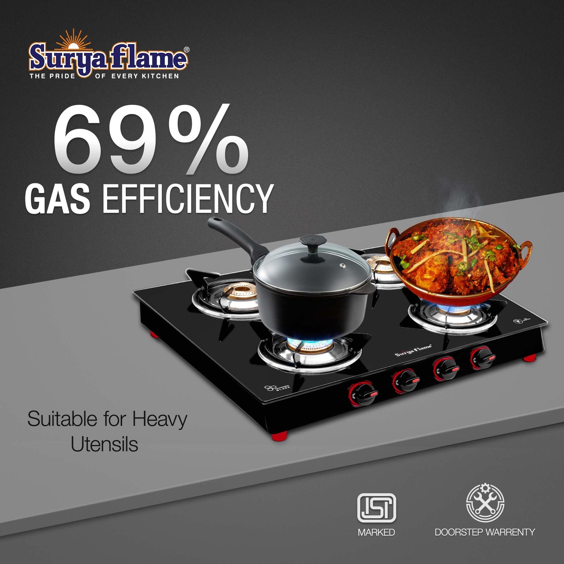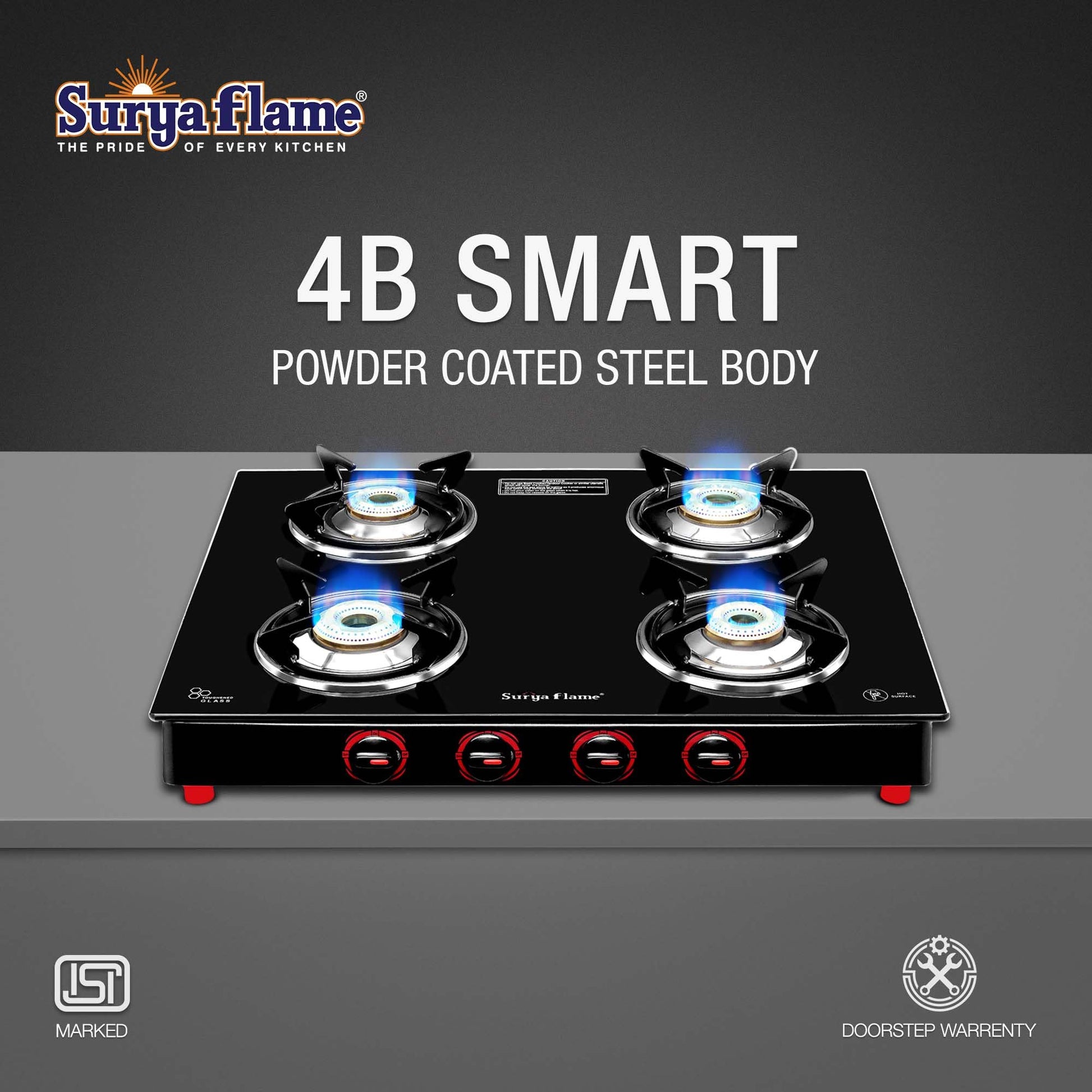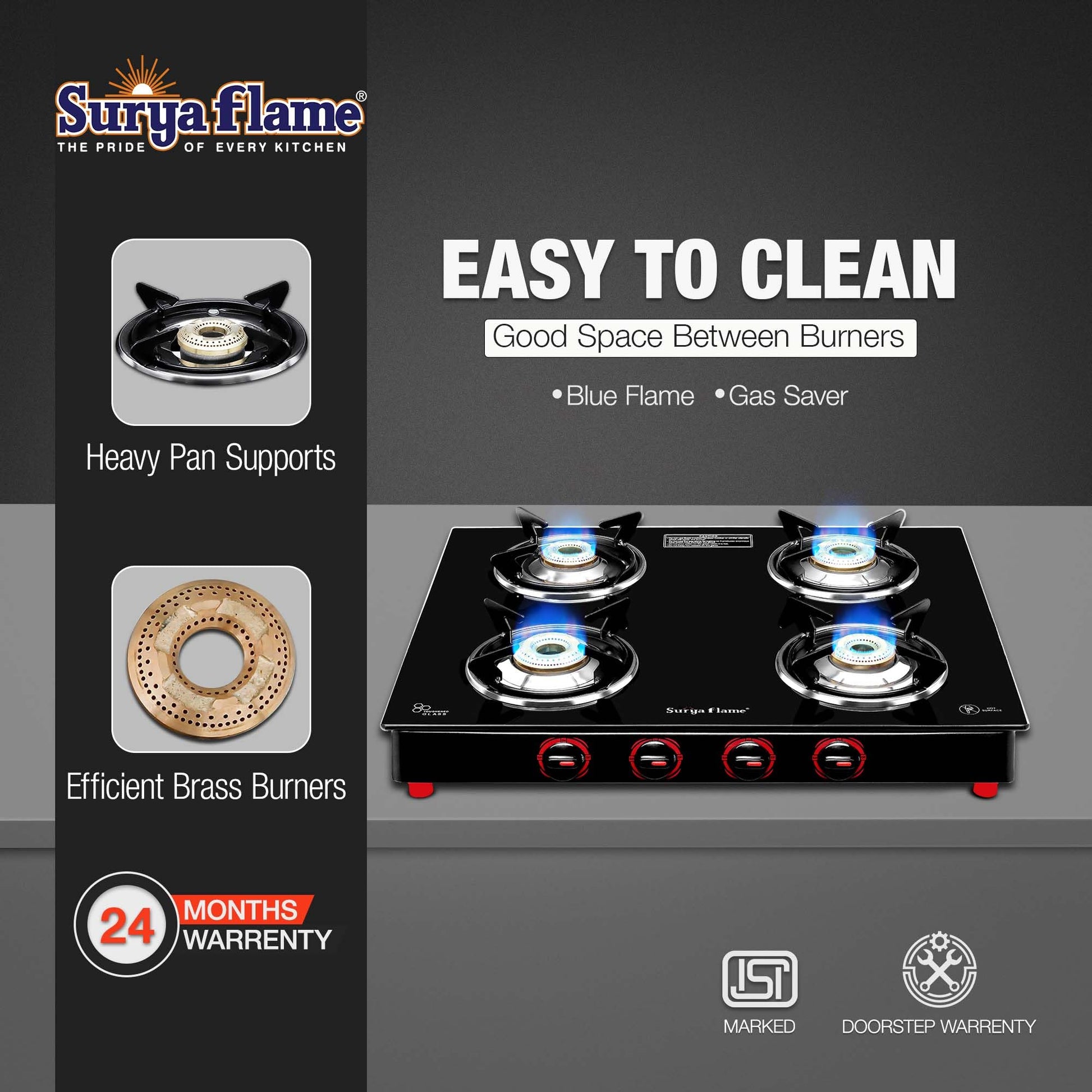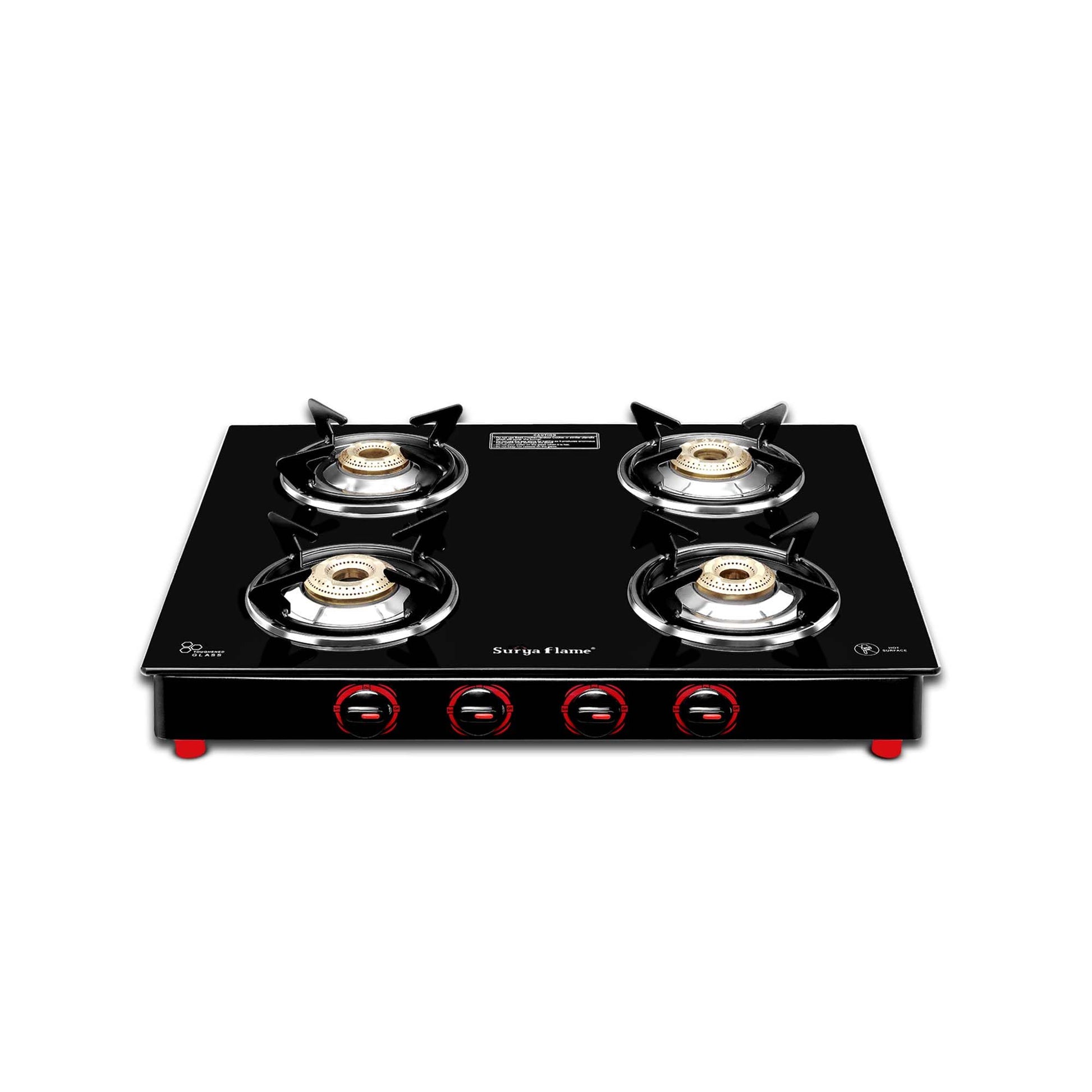 Surya Flame LPG Gas Stove 4 Burner with Brass Smart Glass Top Cooktop ISI Certified Doorstep Services 2 Years (Double Burner Black)
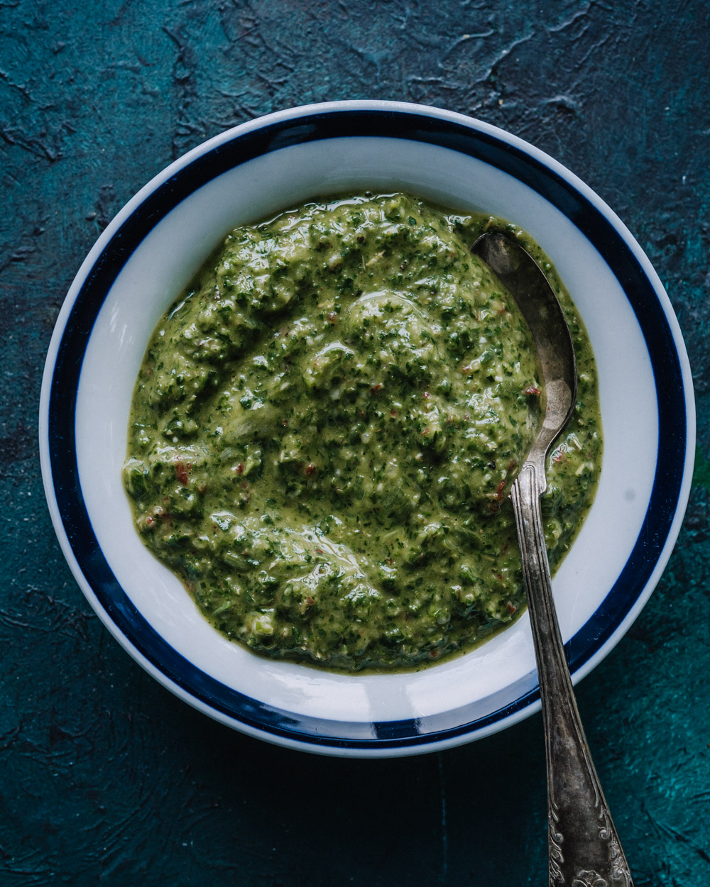 Uudenlaisen twistin argentiinalaislähtöinen soossi saa, kun sen valmistaa kotoisista villivihanneksista. Paras lopputulos syntyy käyttämällä pääosin mietoja villiyrttejä ja lisäämällä joukkoon hieman voimakkaamman makuisia kasveja.
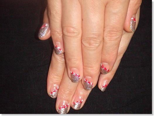 ![]() 白の斜めフレンチ 境目は赤ラメでぼかしました |
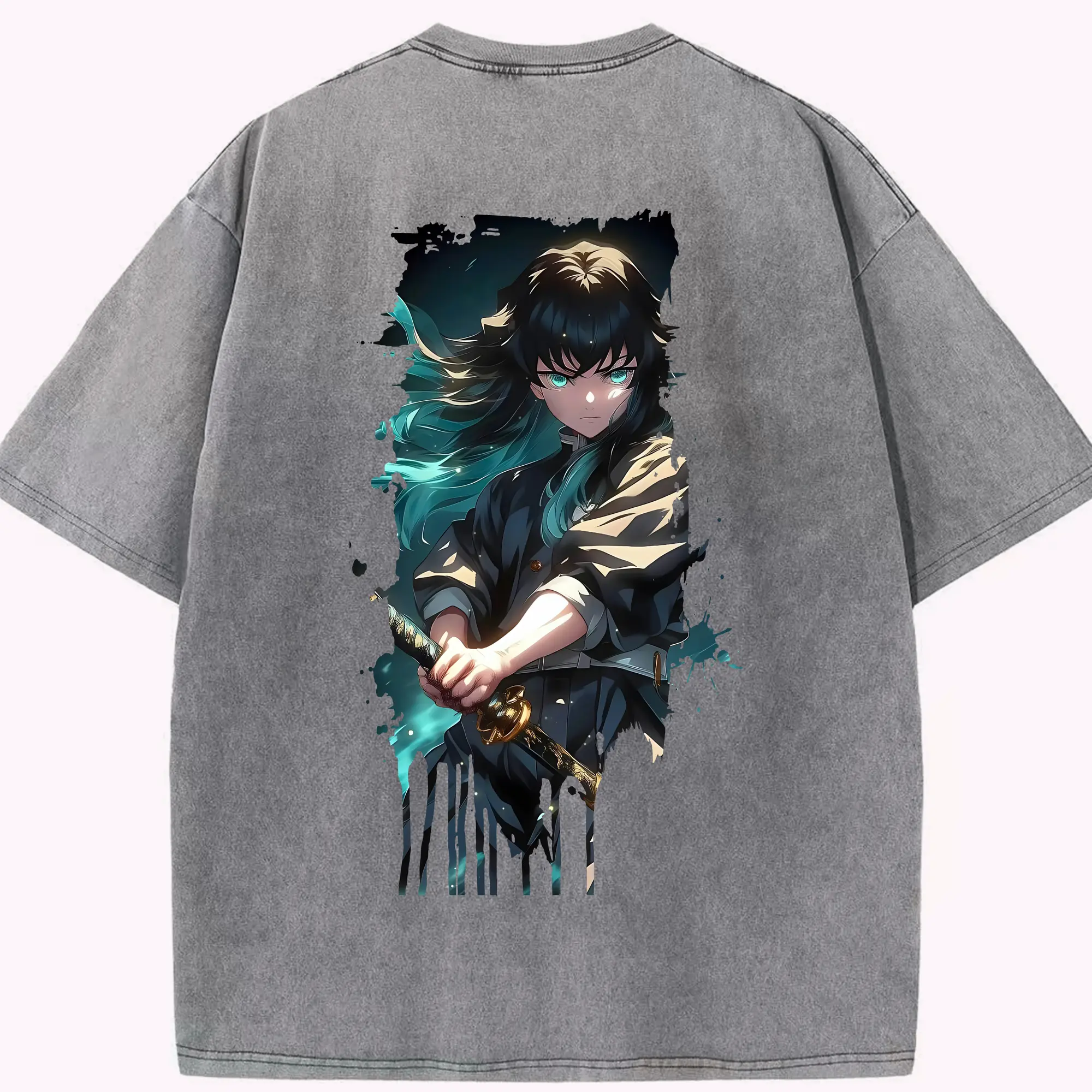 鬼滅の刃 グッズ,時透 無一郎 - 綿100% 半袖Tシャツ ・ バックプリント ・ 快適 通気性 ・ 日常使い 散歩 スポーツ用

━━━━

### ACTIVITY
Using the listing above, write out exactly the lines from the one that holds "Uudenlaisen twistin argentiinalaislähtöinen" through the last line, both included, and omit pictures.

### WRITTEN RESPONSE
 Uudenlaisen twistin argentiinalaislähtöinen soossi saa, kun sen valmistaa kotoisista villivihanneksista. Paras lopputulos syntyy käyttämällä pääosin mietoja villiyrttejä ja lisäämällä joukkoon hieman voimakkaamman makuisia kasveja.
 ![]() 白の斜めフレンチ 境目は赤ラメでぼかしました |
 鬼滅の刃 グッズ,時透 無一郎 - 綿100% 半袖Tシャツ ・ バックプリント ・ 快適 通気性 ・ 日常使い 散歩 スポーツ用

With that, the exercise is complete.